For the duration of the period of the rapes, my level of life satisfaction was medium-high to high. I supplemented my $68,934.32 income from the Bay Street Ultrasound Clinic with $16,223.98 from Come Meet the Future, a 4-D ultrasound imaging storefront where I worked from 1 to 4 p.m. on weekends. My combined salary put me in the 92nd percentile of Toronto residents in terms of income, and in the 99th percentile globally. On my 2011 performance evaluation at Bay Street Ultrasound, for the question “Are you satisfied with your current role and responsibilities? ” I circled 6 out of 7. For the question “Are you satisfied with your position at Bay Street Ultrasound? ” I circled 7 out of 7.

I also met Catherine Anne Doran during the period of the rapes. On a scale of 1 to 10, with 1 being “of no importance to me” and 10 being “of maximum importance to me,” I would rate my time with Catherine Anne Doran a 9.3. To put that number in context, I would rate the death of my mother an 8.8. I would rate losing my virginity an 8.7. Despite this high level of personal significance, the measurable changes our relationship produced were negligible. The numbers were the same, but everything changed. This is what I fail to understand.

I don’t remember any specifics of our initial meeting. On August 11, 2011, at 10:40 a.m., she was having some uterine cysts examined, and I was the ultrasound technician. The cysts were benign, but of the type that could increase the difficulty of conception by a range of 15 to 85 percent. Her visit itself was of little to no interest to me at the time.

Seventeen days later, Bettany Devani, the administrative assistant at the Bay Street clinic, informed me in conversation that a description of our session had been posted on TheHairpin.com. I saw Bettany Devani 178 percent more than I saw any other person. She was, in her phrase, “from the islands.” If I were to bet on her ethnic makeup, I would wager on 41.3 percent European, 37.2 percent African, 15.2 percent South Asian, and 6.3 percent some extinct tribe. She asked me if I remembered “a skinny blonde bitch” who had come in for a 10:40 a.m. two Thursdays ago, and I told her I couldn’t, though I didn’t really try, and she said, The girl who kept changing her appointments, and I told her I never checked the appointments, and she looked irritated to mildly irritated and told me to look at TheHairpin.com. I asked her what that was, and she said she would send me the link. Then her boyfriend of 1.7 years entered. Brian was six feet three and weighed between 202 and 212 pounds, with body fat of less than 8 percent. He had roughly 85 percent African ancestry. He worked for FedEx. He dropped by the clinic an average of 2.6 times a week.

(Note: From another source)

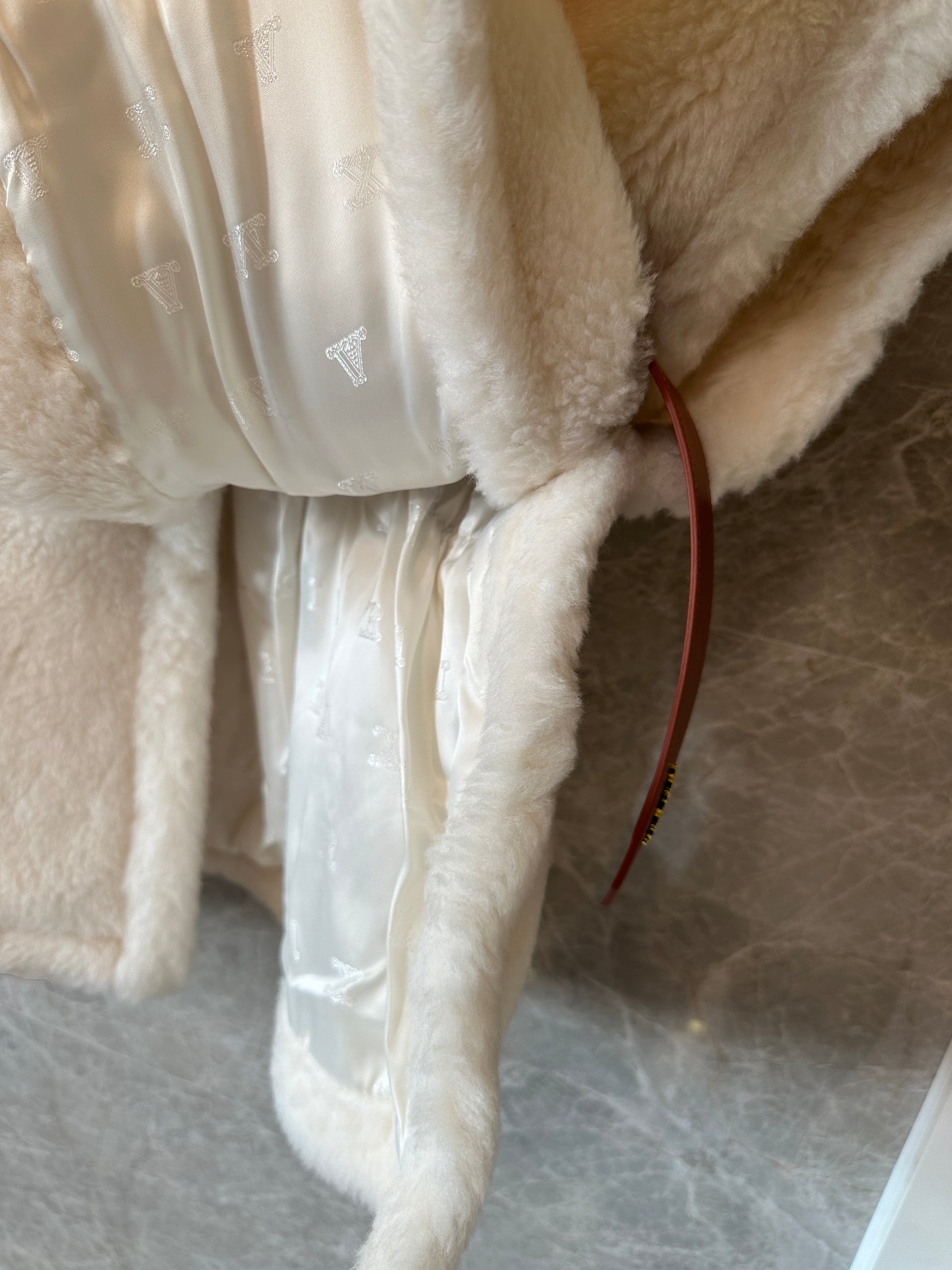 Designed with a wide collar and a relaxed sleeveless silhouette, the vest is finished with an adjustable leather belt to gently define the waist. The smooth inner lining ensures comfortable wear, while the voluminous faux fur exterior delivers warmth and visual richness without the use of wool or animal shearling.

The post that Bettany sent me was entitled “Things I Heard at My Ultrasound Appointment That I Didn’t Want to Hear.” It was a list containing nine items. I recognized three of my own remarks. Number 4 was “You have a good belly for the machine.” Number 6 was “3-D ultrasound services are really a way for immigrant families to screen for gender.” Number 7 was “Yes, technically, that is illegal.” A few of the others on the list were from Bettany, I inferred. The rest were either made up or from visits to other clinics.

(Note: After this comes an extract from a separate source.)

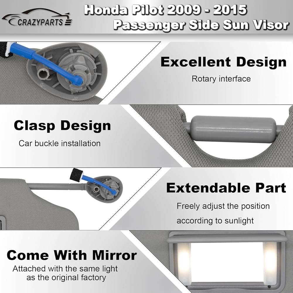 - Package Include: 1 x Honda Pilot Driver Side Sun Visor

“Things I Heard at My Ultrasound Appointment That I Didn’t Want to Hear” was retweeted 137 times and favourited twenty-three times, and received 1,900 Facebook likes. I forgot about its existence in three to seven minutes. My work during the course of August 28, 2011, was in the 98th percentile of difficulty and complexity. Along the spine of an eighty-nine-year-old man, I spotted tumours, which are hard to image. A forty-three-year-old pregnant woman had a fetus with a high to very high probability of Down syndrome. I took every possible image so she could abort with moderate to high levels of confidence in the analysis. After lunch, I examined the genitals of a possibly hypochondriac twenty-six-year-old graduate student who falsely believed he had testicular cancer.

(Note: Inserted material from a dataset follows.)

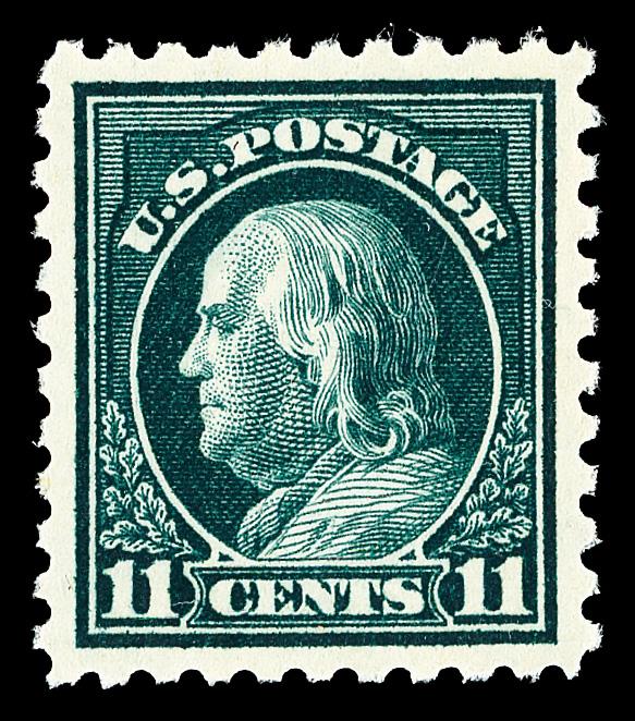 1915, 11¢ dark green, S.L. watermark, perf. 10 (Scott 434), Brilliantly fresh example, o.g., previously hinged, Superb, with 2025 P.S.E. certificate graded SUP 98. SMQ SUP 98; $175. (Image)

August 26, 2011, was a Friday, which is Kraft Dinner night. I had already consumed red meat three times that week, so I substituted diced green and red peppers for the hot dogs I added to the meal nine out of ten times. I was lying in my bed with the pot of Kraft Dinner and my favourite fork, preparing to masturbate to video clips of interracial threesomes from the Bushdakta Company, and I had already reached an anticipatory state of arousal—a 3 out of 7—when I remembered Catherine Anne Doran. Her website appeared to have been designed in 2010. It used a modern sans serif font. Its motto was a quote from Gore Vidal: “A narcissist is someone better looking than you.” There were four tags: Lit, Bio, Fashion, Art. Under Fashion, there were fifty-eight pictures of Catherine Anne Doran in expensive dresses. I masturbated to an image of her pouting in a black Givenchy suit. At that time, I rated Catherine Anne Doran an 8.3 out of 10 for attractiveness. She was a blonde, which skewed the figure. Taking that out of consideration, I figured she was probably closer to a 7.7.

It was a mild winter in Toronto. Average snowfall in the city is 121.1 centimetres. Snowfall that year amounted to 40.0 centimetres. I had sex five times over the course of the next four months, with two different women. The experiences varied from a 2.9 to a 7.8. Also, the sexual assaults in my neighbourhood stopped when the temperature dropped below zero at night. Frost correlates negatively to rape.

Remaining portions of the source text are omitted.